Oral appliances (OAs): These devices are inserted into the mouth during sleep, and they help to open the airway by keeping the tongue and other structures in the mouth out of the airway. The two most common devices used are tongue-retaining devices and mandibular advancing appliances. While OAs are more comfortable to wear at night, they aren’t as effective in treating OSA as CPAP. However, patients have been found to be more compliant with them when compared to CPAP.
Surgical treatments for OSA include:⁵
Uvulopalatopharyngoplasty (UPPP): OSA can sometimes be caused by obstruction of the airway by certain structures in the mouth. If this is the case, this surgery may improve episodes of apnea in some people with OSA. UPPP involves the removal of the tonsils, uvula (the pink structure in the back of the throat), and the posterior velum (a part of the roof of the mouth).
Maxillomandibular advancement surgery (MMA): If other surgical efforts fail, MMA is typically considered. It’s deemed to be one of the most effective surgical treatments for OSA. It involves surgical reconstruction of the upper and lower jawbones to decrease airway obstruction.
Inspire implantable device: This is a more recent treatment for OSA, and it involves the surgical implantation of a device that stimulates muscles in the airway to keep the airway from collapsing. The device is controlled with a remote, and the battery life of the device is about 11 years. In order to qualify for the device, people have to meet certain criteria. You can read more about it here.
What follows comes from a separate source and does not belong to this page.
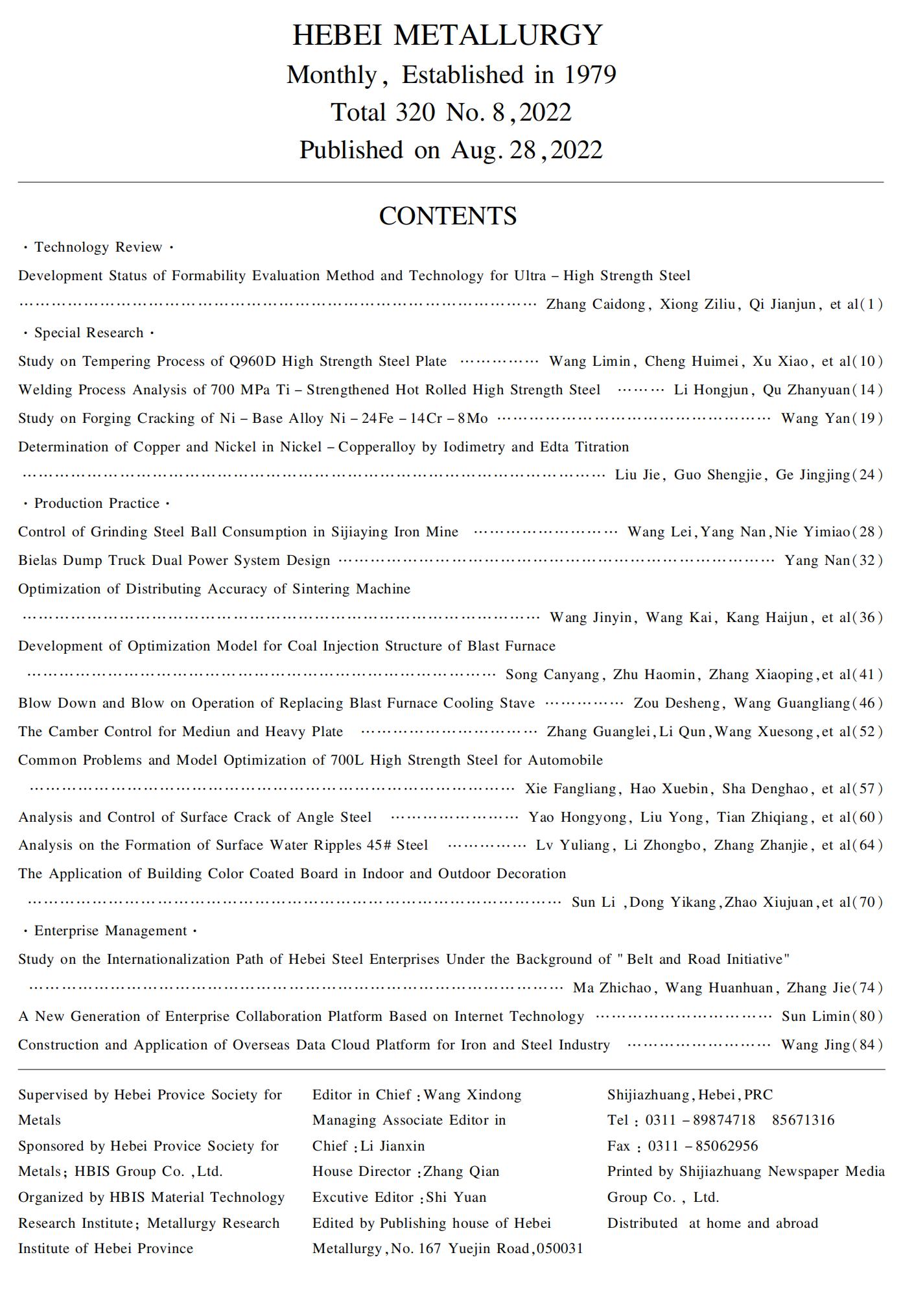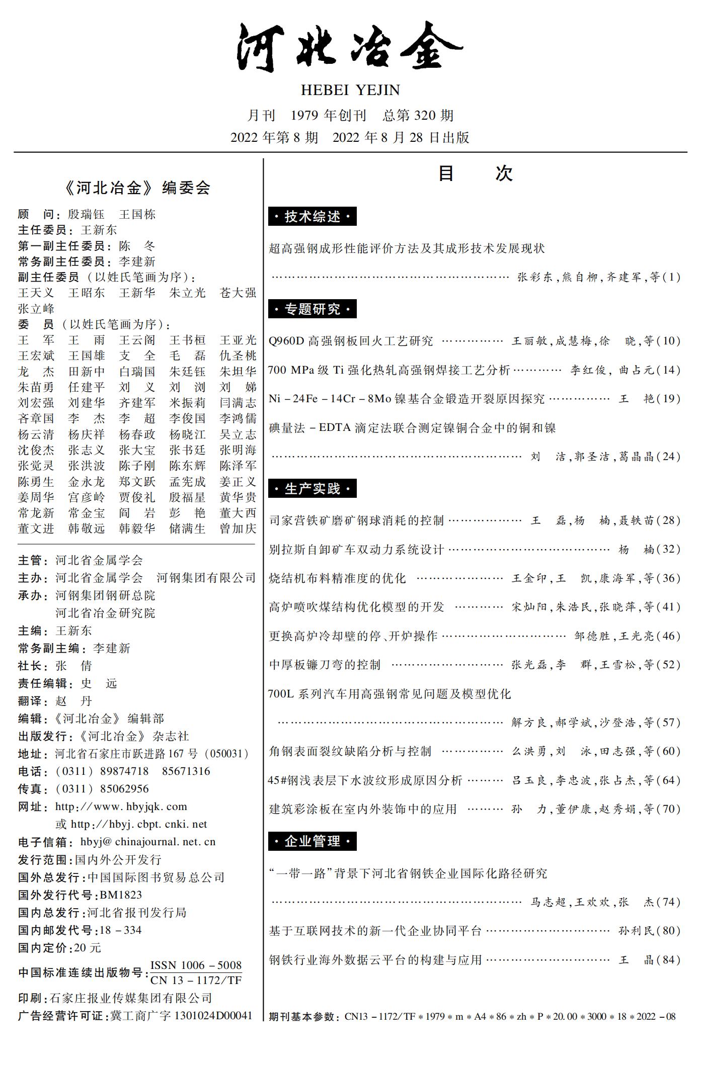 河北冶金2022年第8期目录

Lifestyle modifications that can be made to decrease the severity of OSA include:
Weight loss: As mentioned above, being overweight is one of the four main risk factors for OSA, and if you’ve been diagnosed with OSA, losing weight can help decrease the severity of it. If you’re planning to lose some weight, it’s been found that a 10% decrease in weight results in a 26% decrease in apnea episodes during sleep.²
Sleep position: Even the position in which you sleep can affect the severity of OSA. Avoiding sleeping on your back can help decrease the frequency of apnea episodes.⁵
It’s important to note that even if you require non-surgical or surgical treatment for OSA, implementing lifestyle modifications will still improve the severity of OSA and the associated symptoms.
Do You Think You Have Sleep Apnea?
If you have symptoms of sleep apnea and think that you may have it, see your primary care provider right away. They can complete the OSA risk questionnaires and order a sleep study if needed.
However, sleep studies are in high demand, and there aren’t an abundance of places that do them. So getting a sleep study usually takes a white. That’s why it’s important to tell your primary care provider about your symptoms sooner rather than later.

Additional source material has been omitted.